━━━━━ SUPPLIED RECORDS
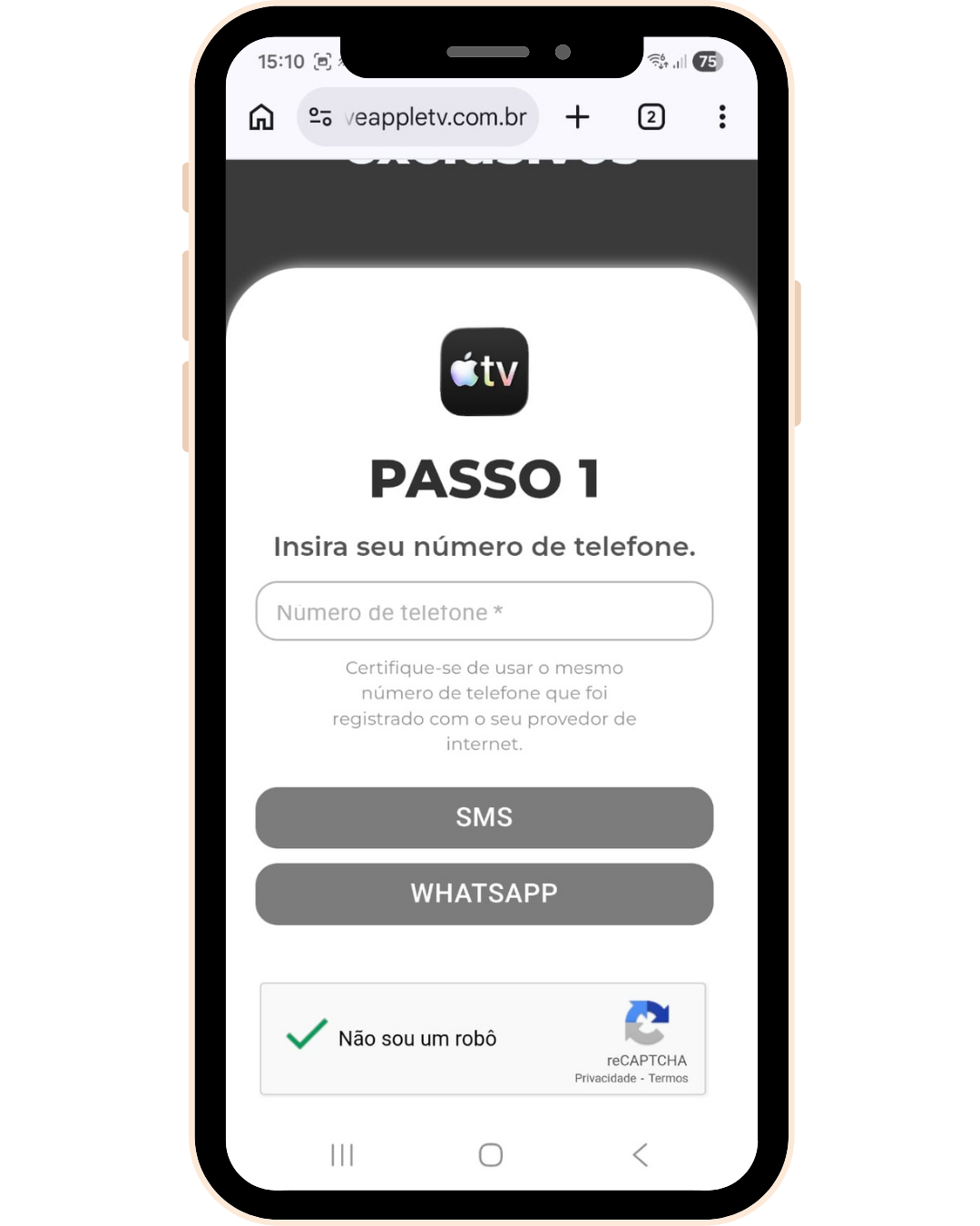 Abaixo, Passo a passo ativação AppleTv
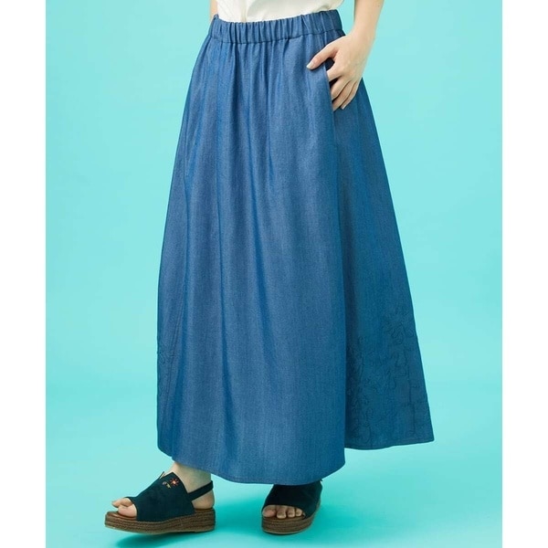 セルロースを使用したデニム生地のスカート。とろみのある素材も相まって美しいフレアなAラインシルエットです。生地の柔らかさとウエストのオールゴムで楽な穿き心地を実現。切り替えを縦に入れてメリハリを出したデザインで、両サイドの切り替えたパーツの裾部分にコード刺繍でお花のモチーフを施しました。微配色のコード刺繍が上品でデザインポイントです。便利なポケット付き。
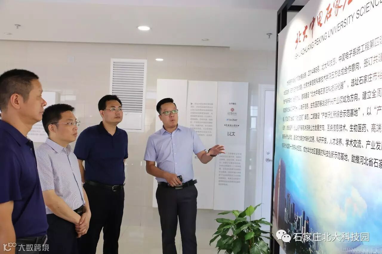 2017年8月9日,石家庄市裕华区区委常委、常务副区长刘禹莅临石家庄北大科技园参观考察,区科技局局长边庆敏、区发改局局长曹秀婷、区财政局局长赵军会、区编委办副主任徐彦华陪同,石家庄北大科技园副总经理郭子卿出席接待。
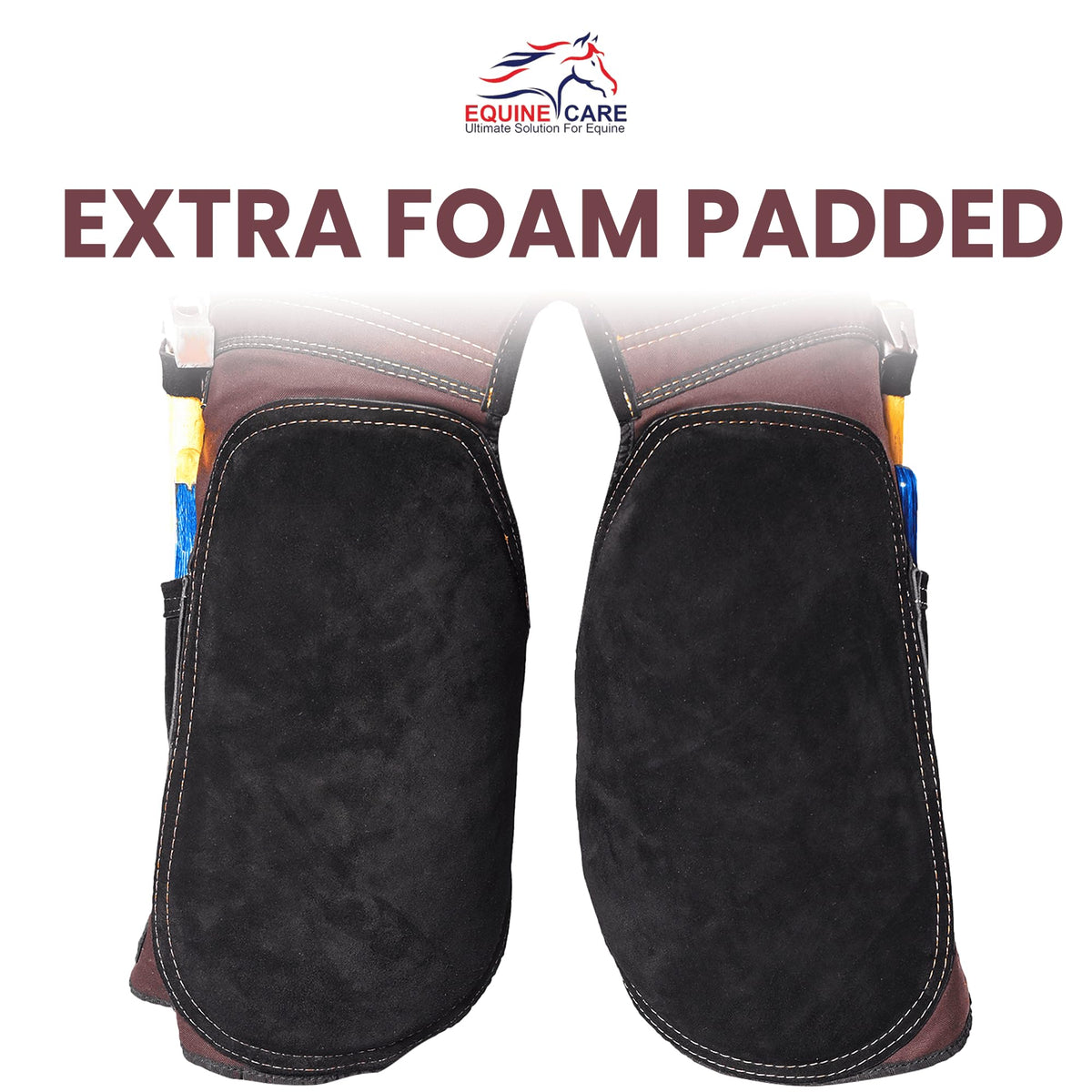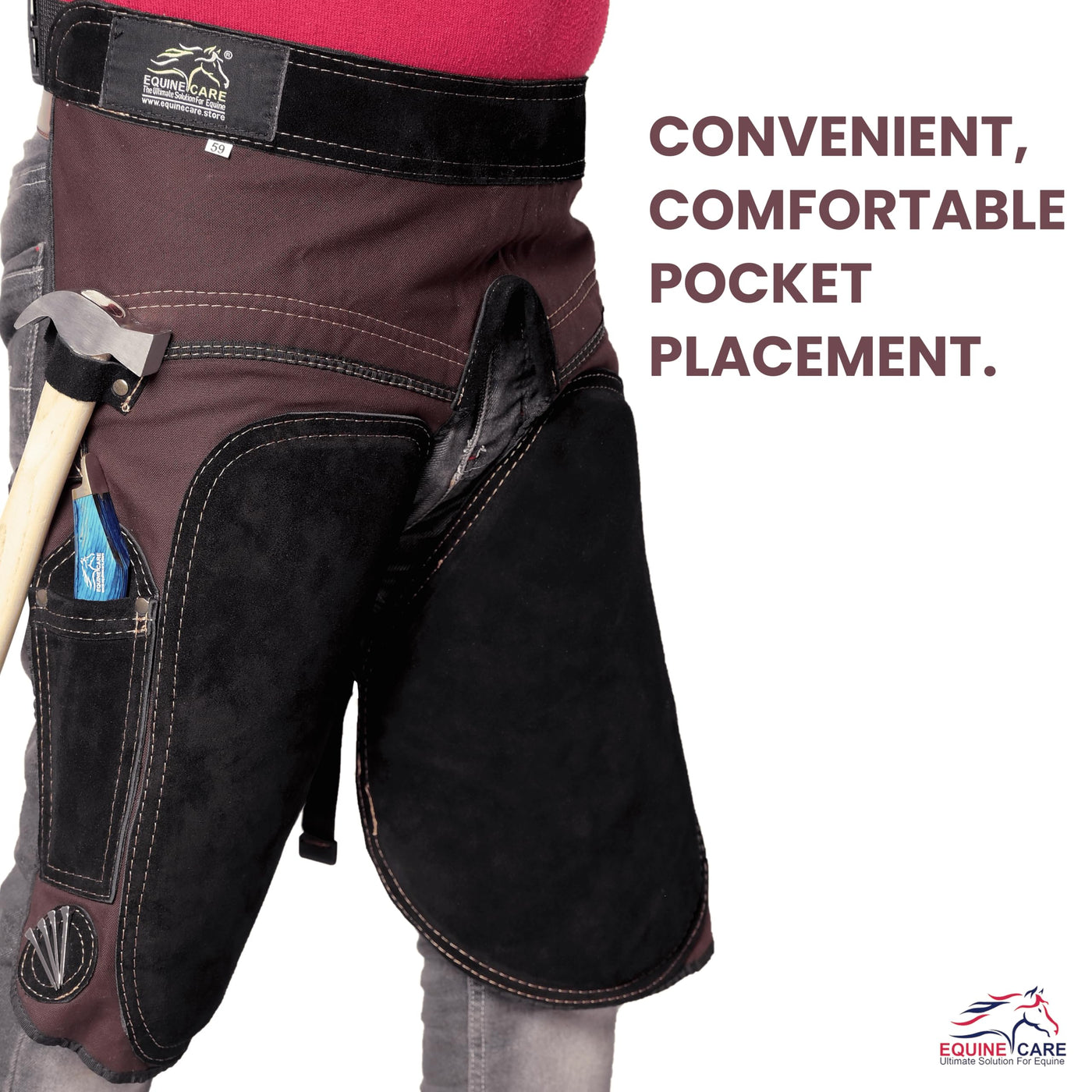Upgrade Your Farrier Toolkit With Equine Cares Farrier Apron For Women Equip Yourself With The Ultimate In Protection, Durability, And Comfort With Equine Cares Farrier Apron Chaps, Specifically Designed For Women But Also Suitable For Men Of Shorter Stature. These Farrier Apron Are Tailored To Meet The Unique Needs Of Female Farriers While Offering A Comfortable Fit For Men Of Shorter Stature. Perfect For Horse Shoeing, Hoof Trimming, And Various Equine Care Tasks, This Farrier Apron Is Engineered To Withstand The Demands Of Rigorous Daily Use. Premium Materials For Long-Lasting Durability Crafted From Genuine Cowhide Suede Leather And Reinforced With Durable Canvas, This Farrier Chaps Is Built To Endure Tough Conditions. The Sturdy Materials, Combined With Foam Padding, Provide Exceptional Protection Against Sharp Tools And Heavy Hooves, Ensuring Long-Lasting Performance And Enhanced Comfort. This Horse Shoeing Chaps Is An Essential Addition To Any Farriers Gear, Offering Robust Protection Day After Day. Comfortable Fit With Enhanced Breathability Designed With An Air Mesh Backing, This Farrier Apron Ensures Breathability, Keeping You Cool And Comfortable During Extended Tasks. The Adjustable Waistband Fits Waist Sizes From 28 To 52 Inches, Providing A Customizable Fit With A Simple Belt That Accommodates Various Body Types. This Design Allows You To Work Long Hours With Reduced Fatigue. Maximum Flexibility And Comprehensive Protection This Farrier Apron Is Designed To Offer Maximum Flexibility And Ease Of Movement. The Wrap-Around Design Provides Thorough Protection For The Inner Thighs And Calves, While The 23-Inch Length Ensures Optimal Coverage Without Hindering Mobility. Whether Youre Shoeing Horses Or Trimming Hooves, This Farrier Apron Delivers The Protection And Flexibility You Need. Efficient Tool Storage With Hammer Loops Efficiency Is Key In Farrier Work, And This Apron Is Equipped With Practical Storage Solutions. With 2 Hoof Knife Pockets
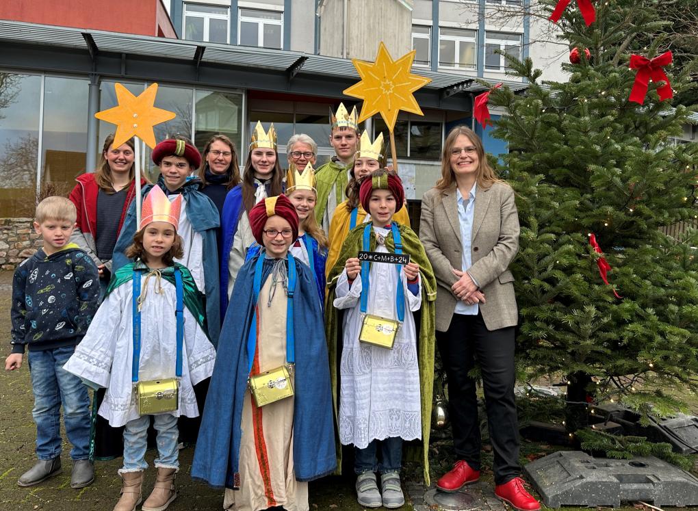 Traditionell ziehen Anfang des neuen Jahres die Sternsinger aus, um anlässlich der Geburt von Jesus Christus den Segen Gottes in die Welt zu tragen. In diesem Jahr kam die Gruppe aus Frei-Weinheim in das Interimsrathaus in der Wilhelm-Leuschner-Straße und trug Lieder und den Segensspruch vor.
━━━━━━━━━━
PROMPT
Could you repeat, exactly and with nothing else, the lines from the first line of the records through the line containing "2017年8月9日,石家庄市"? Leave out the pictures.

TASK SOLUTION
 Abaixo, Passo a passo ativação AppleTv
 セルロースを使用したデニム生地のスカート。とろみのある素材も相まって美しいフレアなAラインシルエットです。生地の柔らかさとウエストのオールゴムで楽な穿き心地を実現。切り替えを縦に入れてメリハリを出したデザインで、両サイドの切り替えたパーツの裾部分にコード刺繍でお花のモチーフを施しました。微配色のコード刺繍が上品でデザインポイントです。便利なポケット付き。
 2017年8月9日,石家庄市裕华区区委常委、常务副区长刘禹莅临石家庄北大科技园参观考察,区科技局局长边庆敏、区发改局局长曹秀婷、区财政局局长赵军会、区编委办副主任徐彦华陪同,石家庄北大科技园副总经理郭子卿出席接待。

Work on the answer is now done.